Da IO DONNA del 25/5/13, <<STORIE DI POVERTÀ NON DI VERGOGNA>> di
Aldo Cazzullo, giornalista.
Per la lettura completa del pezzo si rinvia al settimanale citato.
Sono quelle di Juri, Micaela, Daniel.
E di tutti i 14mila
minori coinvolti dai progetti lanciati in Italia da Save the
Children.
Perché ora è qui da noi che c’è bisogno di combattere
per dare un futuro ai bambini.
Siamo stati nelle borgate di Roma
e nei bassi di Napoli e abbiamo scoperto l’importanza .. di fare
gli gnocchi insieme
Marianna ha 40 anni, cinque figli e poche centinaia di euro
al mese per mantenerli.
La casa se l’è costruita da sé, insieme con il suo compagno,
che lavora come fornaio.
Vivono nell’estrema periferia romana, a Rocca Cencia.
Uno
di quei luoghi dove, come dice Papa Francesco, bisogna andare.
Mobili riciclati, una tenda a ritagliare una "stanza" tutta
per il primogenito, Nicholas, 18 anni, che cerca lavoro come
meccanico.
Il più piccolo è Khristopher, 4 anni.
Suo fratello Juri, 6
anni, un bellissimo bambino dagli occhi grigi, fatica a parlare;
sua sorella Samantha, 16 anni, vuole studiare da logopedista, per
aiutarlo.
Tatiana, 14 anni, si è iscritta all’alberghiero.
La loro è una povertà dignitosa e laboriosa, per il poco
lavoro che si riesce a trovare.
Siamo nello Spazio Mamme di Tor Vergata.
A poche centinaia
di metri ci sono l’università, il teatro, la fermata della metro.
I romani del centro e gli studenti arrivano e ripartono senza
giungere qui, nel cuore della borgata.
Save the Children ha aperto un centro insieme con Il
Melograno, una tra le associazioni no profit più attive.

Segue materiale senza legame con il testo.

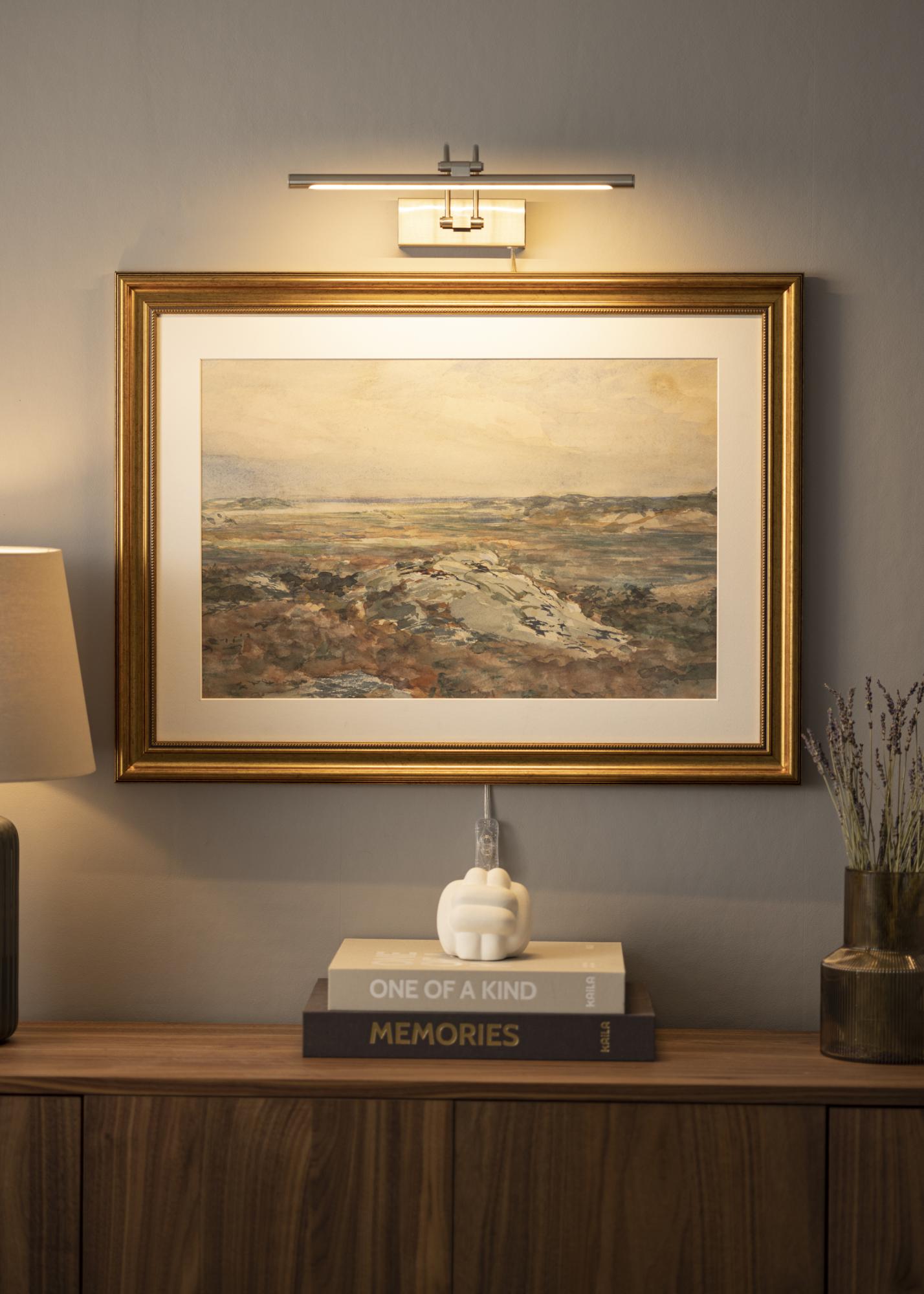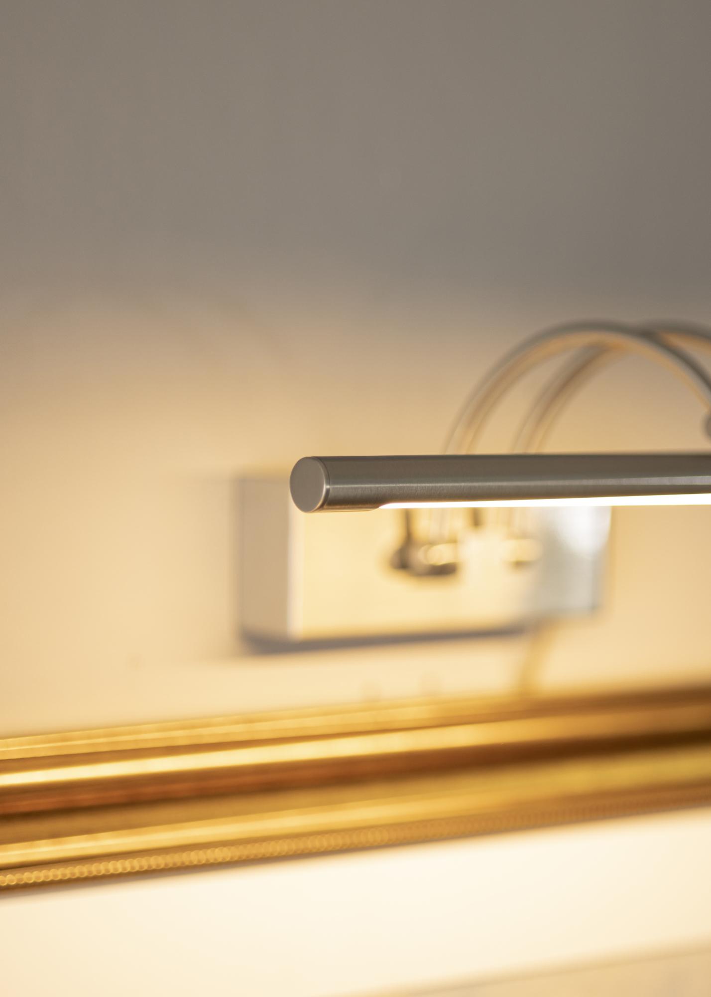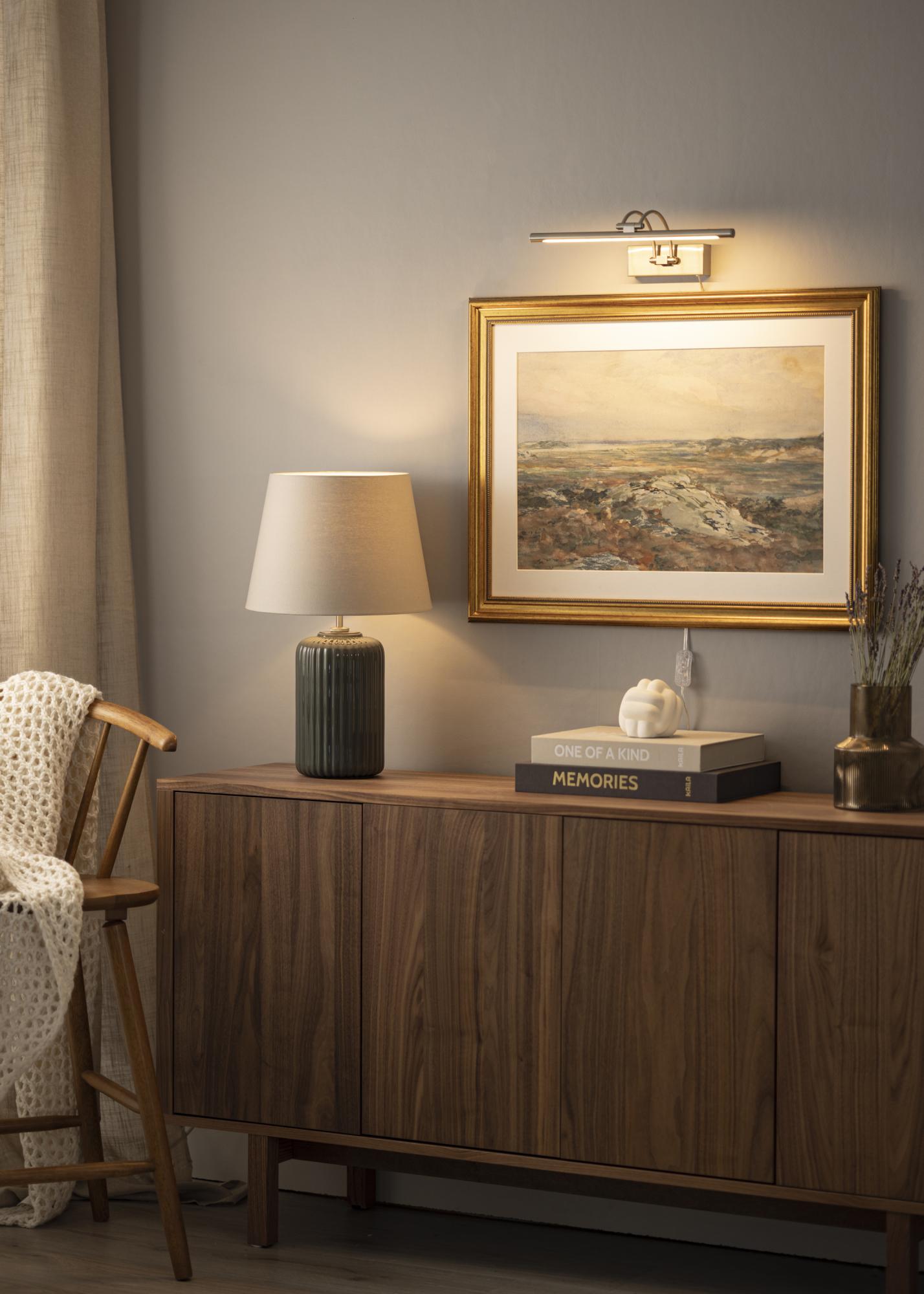 Luci per quadri dal design moderno svedese adatte a quadri con una larghezza di 60-100 cm. L'armatura ha un'altezza di 5 cm e una lunghezza di 37 cm con una distanza dal muro di 20 cm. Con la sua potente illuminazione a LED di 720 lumen, otterrai una piacevole illuminazione anche per quadri più grandi.
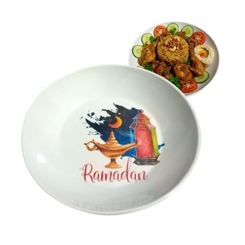 - تصميم رمضاني مميز: طبق بلاستيك أبيض يتميز بطبعات رمضانية ملونة وجذابة تضفي أجواء احتفالية على مائدتك خلال شهر المبارك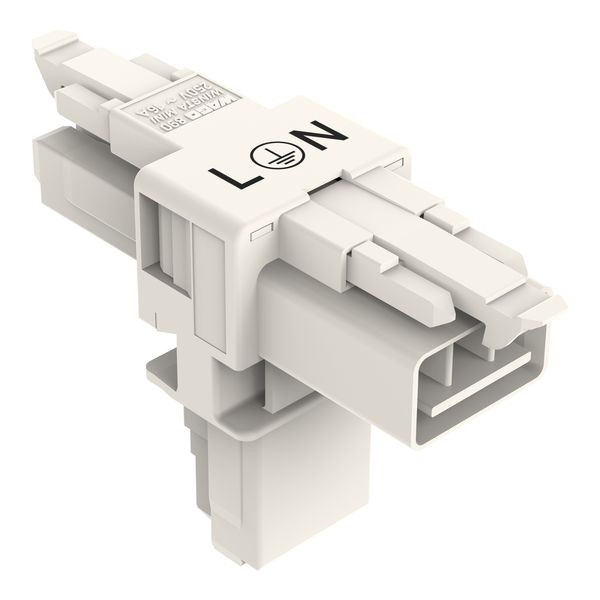 T-Verteiler; 3-polig; Kod. A; 1 Eingang; 2 Ausgänge; 3 Verriegelungsklinken; für fliegende Verbindungen; weiß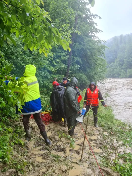 Imagini de la operațiunea de salvare a celor 12 muncitori din Vrancea, blocați de ape într-o zonă forestieră. Cum a decurs intervenția (VIDEO)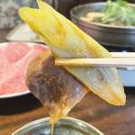 すき焼きの割下をめぐってはザックリ「関東風は塩っぱめ」「関西風は甘め」なんていう慣習の違いが語られることがあります。筆者は東京出身の一方で個人的には甘めの割下のほうが好きなのですが、「ちんや」のそれは好みピッタリの甘め傾向。これがまた絶品で、赤身、サーロインともに肉本来の旨みを引き出してくれるように感じました。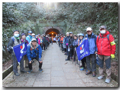 昼食後、明治のトンネルへ向かった。明治のトンネルは開通時長さ224m。日本初有料トンネルが完成。当時は「く」の字に曲がっていたそうです。手彫りで壁はレンガであった。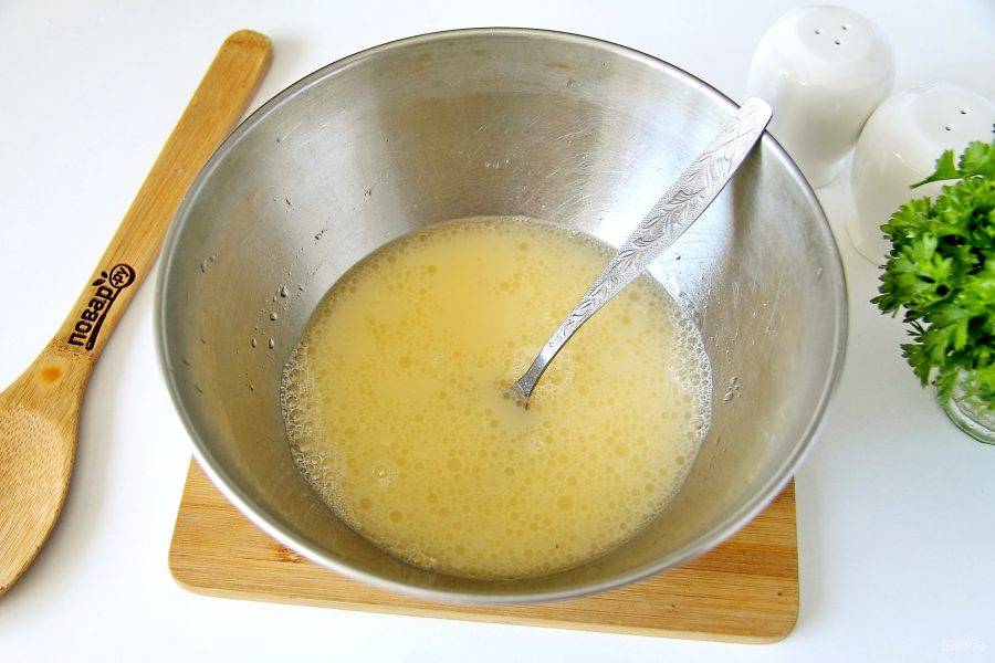 Соедините в глубокой миске яйцо, воду и растительное масло. Добавьте 0,5 ч.л. соли и все хорошо перемешайте.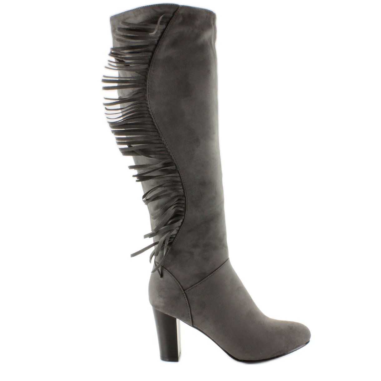 Les bottes à talons hauts à franges H615 dans une nuance de gris unique sont le choix parfait pour les femmes qui apprécient le style et le confort. Ces chaussures élégantes sont fabriquées en daim écologique de haute qualité, qui contribue non seulement à la protection de l'environnement, mais assure également douceur et confort de port.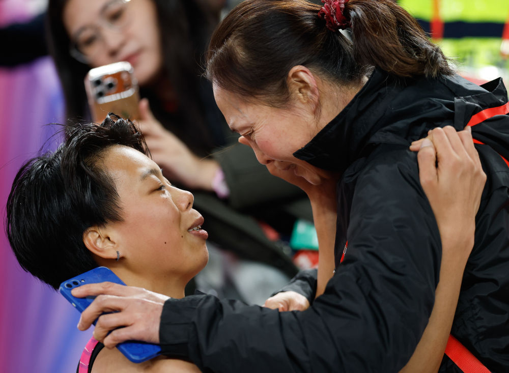 11月19日,广东队选手刘景扬(左)在比赛后和母亲交流。她夺得冠军。新华社记者 黄伟 摄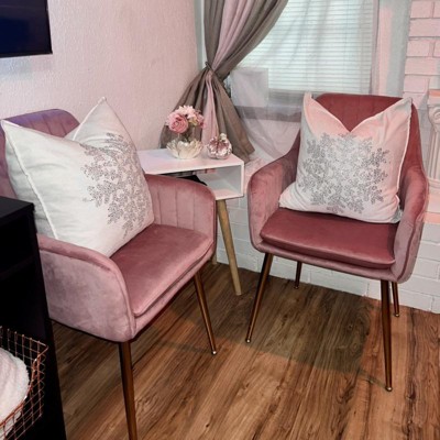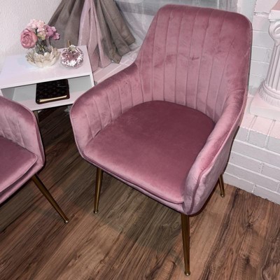 Chairs are perfect! Shiny gold legs, nice pink chair, sturdy, easy to assemble.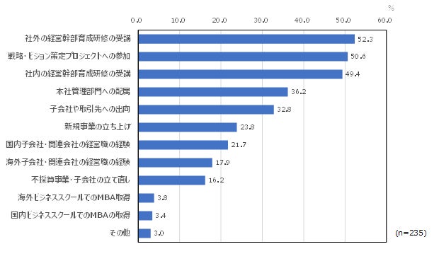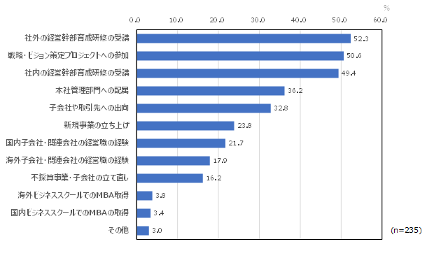 ○ また、上記設問で「まったく受けていない」と回答した人以外に、これまでに受けたことのあるトレーニング機会を尋ねたところ、第1位は「社外の経営幹部育成研修の受講」(52.3%)、第2位は「戦略・ビジョン策定プロジェクトへの参加」(50.6%)、第3位は「社内の経営幹部育成研修の受講」(49.4%)となりました。
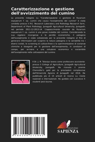 La presente indagine su "Caratterizzazione e gestione di Fusarium oxysporum f. sp. cumini che causa l'avvizzimento del cumino" è stata condotta presso il P.G. Research Laboratory and Pathology Research farm, Department of Plant Pathology, Junagadh Agricultural University, Junagadh, nel periodo 2011-12-2013-14. L'appassimento causato da Fusarium oxysporum f. sp. cumini è una grave malattia del cumino. Considerando la sua regolare insorgenza e le perdite economiche, il patogeno dell'avvizzimento è stato selezionato per la presente indagine al fine di generare informazioni per scoprire la natura patogena e la variabilità tra i diversi isolati, lo screening di cultivar/linee e la sperimentazione di sostanze chimiche e bioagenti per la gestione dell'avvizzimento, in condizioni di campo, per arrivare a una soluzione economica e sostenibile dell'avvizzimento nella coltivazione del cumino.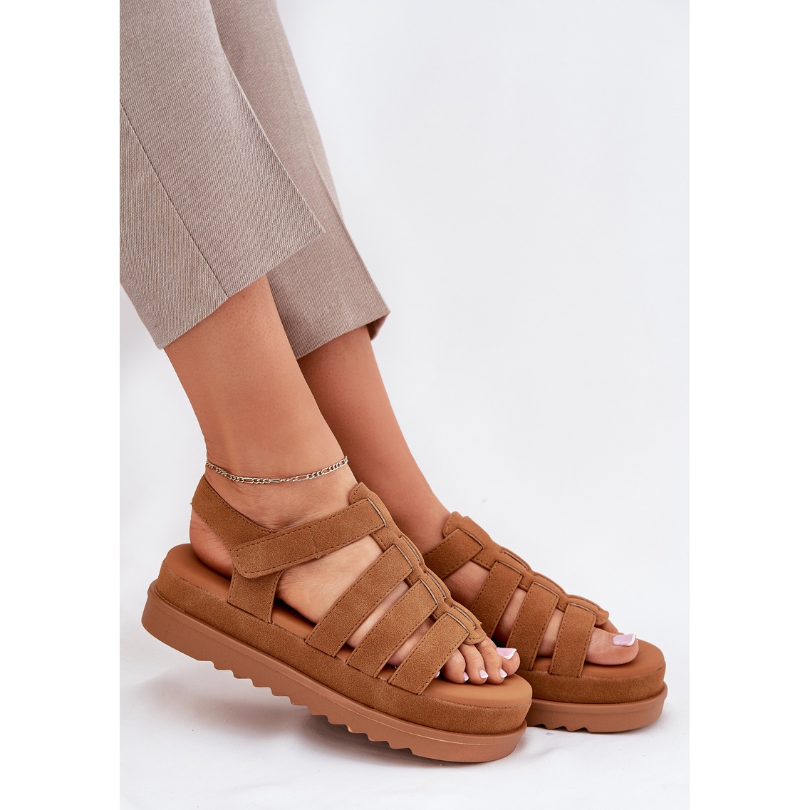 Détails: Inna Sandales féminines sur la plate-forme en daim de chameau brun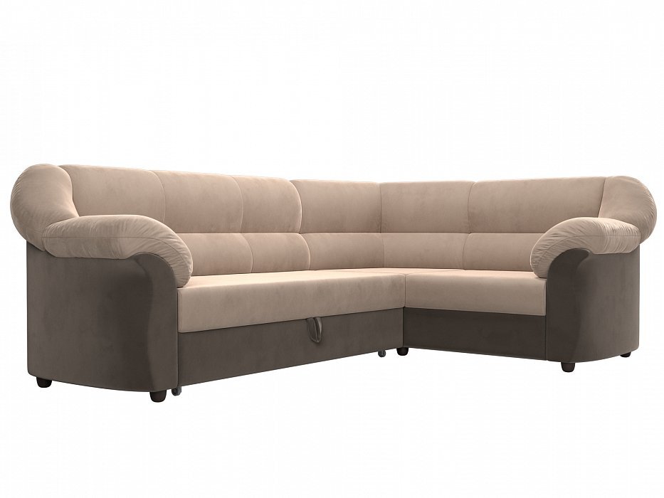 Диван угловой Карнелла Велюр бежевый\коричневый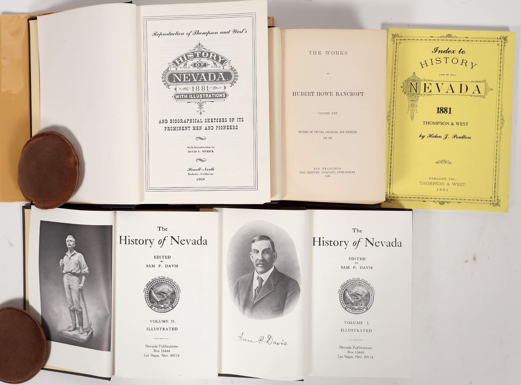 A group of 5 books on Nevada history, published 1890-1966. Titles included in the lot are 'Index to History of Nevada 1881, Thompson & West' by Helen Poulton; 'Bancroft's Works, Volume XXV: Nevada, Colorado, and Wyoming' by Hubert H. Bancroft; volumes 1 and 2 of 'History of Nevada' by Sam P. Davis; and a 1958 reproduction of Thompson and West's 'History of Nevada 1881'. Whole lot is in good condition. Would be a great addition to the library of any Nevada history enthusiast.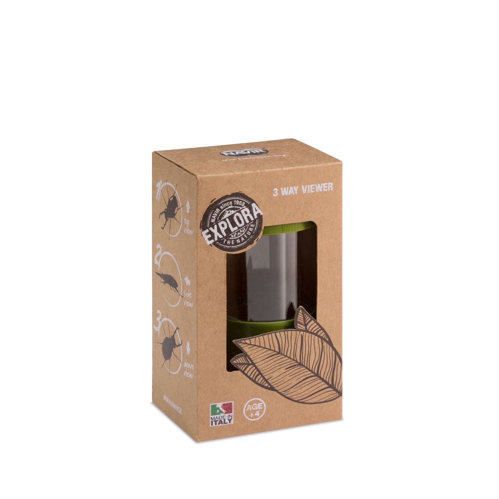 Smart förstoringsburk med tre observationsvinklar som låter små upptäckare se detaljer från ovan, från sidan och underifrån. Perfekt för att kika närmare på insekter, blad och annat intressant i naturen.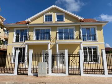 Description: We offer for sale a two, three-storey semi-detached houses - townhouses with a private yards, located in a quiet and peaceful street, about 300 meters away from the center and from the bus stop of the village of Ravda, about 700 meters away from the sea, about 900 meters away from Lidl supermarket, close to shops and all the necessary infrastructure. Each of the houses has a total built-up area of 211 sq.m. The Villa Masena building is designed in rococo style for two families to live in independently. With its countryside style, it claims to be one of the most beautiful and cozy places to live in the village of Ravda. The three-meter high ceilings and French windows will add to the light and space of the rooms. It is situated in the plot of land entirely to the south, which is the best exposure for year-round living in Bulgaria. The houses are situated in a common large plot of land, surrounded by a common concrete fence with wrought iron elements, hedges. To each of the houses belongs a landscaped plot of land with an area of 212 sq.m, which can park 2 cars. The yard also has space for a swimming pool, barbecue area and extensive landscaping.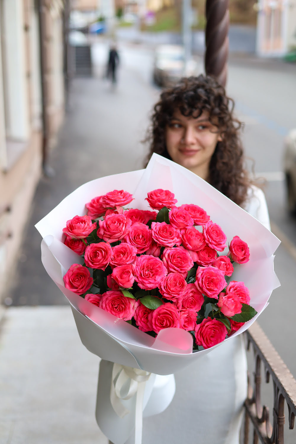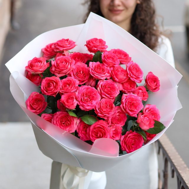 Великолепный стильный букет из ярких кустовых пионовидных роз в оформлении.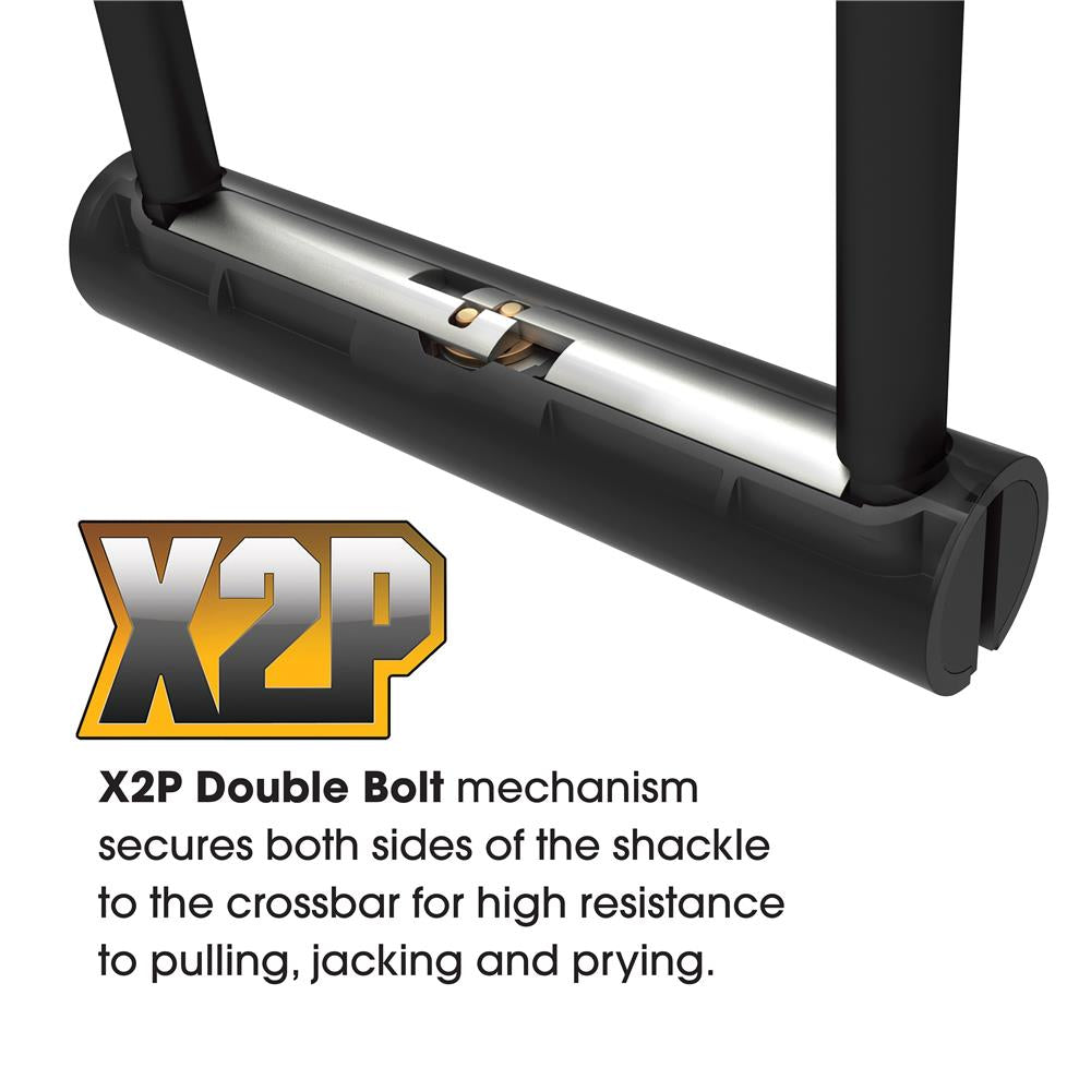 - X2P Double Bolt Locking Mechanism locks shackle on both sides

Lorena, la signora che lo dirige, grazie a donazioni private
sta allestendo un piccolo parco.
C’è il pediatra che cura i bambini malati, il nutrizionista
che spiega alle madri come cucinare con poco.
Oggi si fanno gli
gnocchi, tutti insieme.
Non è un posto triste, anzi è pieno di
vita, di grida dei piccoli, di adulti che sono diventati amici.
Samantha vive in un’altra borgata, Tor Bella Monaca.
Lavora
in una cooperativa di pulizie.
Dimostra più dei suoi 36 anni.
Nella carrozzina ha il suo ultimo bambino, nato da otto
giorni.
L’ha chiamato Justin Liam, nome scelto ascoltando la tv.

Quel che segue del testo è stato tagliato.